* _Work order_
Below is a listing; restate from it, character for character, the lines beginning at the line holding "Fototapeta premium gravel" and ending at the line holding "7月1日,四组同学分别展示了", both included.

* _Exercise material_
────────────────────

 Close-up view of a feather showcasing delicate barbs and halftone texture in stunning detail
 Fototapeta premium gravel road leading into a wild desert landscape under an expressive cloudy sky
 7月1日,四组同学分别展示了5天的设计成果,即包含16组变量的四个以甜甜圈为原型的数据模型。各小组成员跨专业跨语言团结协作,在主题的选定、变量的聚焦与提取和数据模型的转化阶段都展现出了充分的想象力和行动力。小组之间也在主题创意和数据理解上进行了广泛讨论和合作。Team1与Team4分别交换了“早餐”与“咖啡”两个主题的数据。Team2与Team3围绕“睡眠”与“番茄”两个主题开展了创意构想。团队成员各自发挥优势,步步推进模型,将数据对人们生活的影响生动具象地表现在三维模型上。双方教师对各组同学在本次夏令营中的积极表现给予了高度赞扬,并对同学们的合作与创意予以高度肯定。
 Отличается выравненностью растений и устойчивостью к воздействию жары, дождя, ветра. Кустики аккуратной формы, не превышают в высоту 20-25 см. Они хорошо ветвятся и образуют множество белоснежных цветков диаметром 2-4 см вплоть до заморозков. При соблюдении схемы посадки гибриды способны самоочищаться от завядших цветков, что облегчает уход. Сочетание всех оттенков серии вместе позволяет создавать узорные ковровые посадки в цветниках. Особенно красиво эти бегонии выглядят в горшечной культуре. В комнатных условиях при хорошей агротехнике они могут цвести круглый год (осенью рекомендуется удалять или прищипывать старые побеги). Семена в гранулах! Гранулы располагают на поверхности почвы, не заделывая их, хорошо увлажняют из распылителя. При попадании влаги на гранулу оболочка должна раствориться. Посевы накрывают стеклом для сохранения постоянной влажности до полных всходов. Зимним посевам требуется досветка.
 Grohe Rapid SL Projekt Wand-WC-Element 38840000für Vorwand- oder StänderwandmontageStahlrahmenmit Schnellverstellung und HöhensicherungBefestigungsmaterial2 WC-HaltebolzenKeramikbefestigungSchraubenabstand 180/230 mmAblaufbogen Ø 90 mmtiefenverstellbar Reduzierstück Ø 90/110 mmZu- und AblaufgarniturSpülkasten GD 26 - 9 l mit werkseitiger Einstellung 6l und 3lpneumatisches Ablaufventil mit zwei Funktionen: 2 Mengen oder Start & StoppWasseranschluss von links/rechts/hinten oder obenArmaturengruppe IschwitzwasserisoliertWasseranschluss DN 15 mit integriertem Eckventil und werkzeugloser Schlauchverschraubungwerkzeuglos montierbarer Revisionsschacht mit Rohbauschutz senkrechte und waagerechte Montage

────────────────────

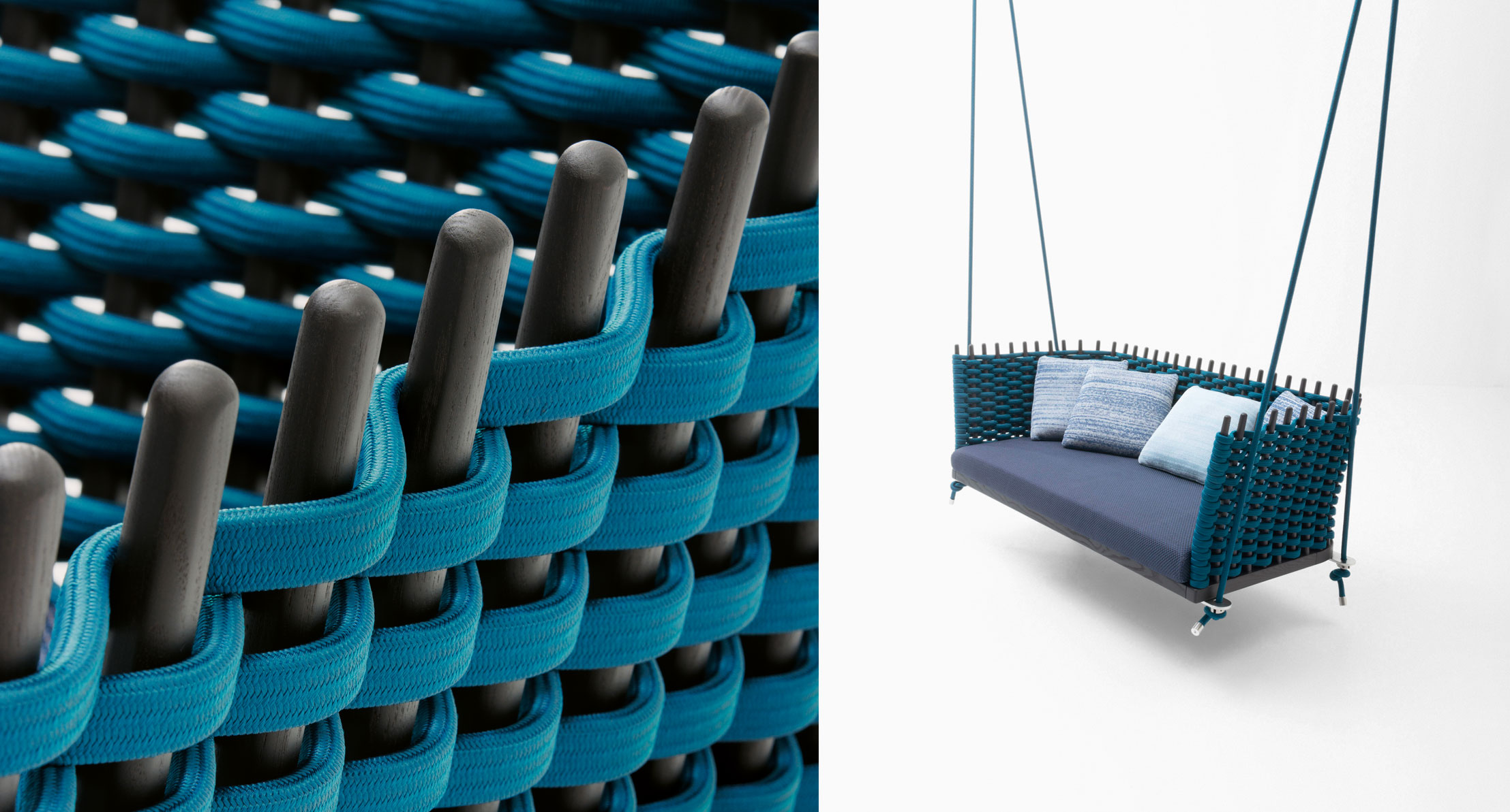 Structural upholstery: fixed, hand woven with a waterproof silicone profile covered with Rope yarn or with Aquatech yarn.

────────────────────

* _Exercise solution_
 Fototapeta premium gravel road leading into a wild desert landscape under an expressive cloudy sky
 7月1日,四组同学分别展示了5天的设计成果,即包含16组变量的四个以甜甜圈为原型的数据模型。各小组成员跨专业跨语言团结协作,在主题的选定、变量的聚焦与提取和数据模型的转化阶段都展现出了充分的想象力和行动力。小组之间也在主题创意和数据理解上进行了广泛讨论和合作。Team1与Team4分别交换了“早餐”与“咖啡”两个主题的数据。Team2与Team3围绕“睡眠”与“番茄”两个主题开展了创意构想。团队成员各自发挥优势,步步推进模型,将数据对人们生活的影响生动具象地表现在三维模型上。双方教师对各组同学在本次夏令营中的积极表现给予了高度赞扬,并对同学们的合作与创意予以高度肯定。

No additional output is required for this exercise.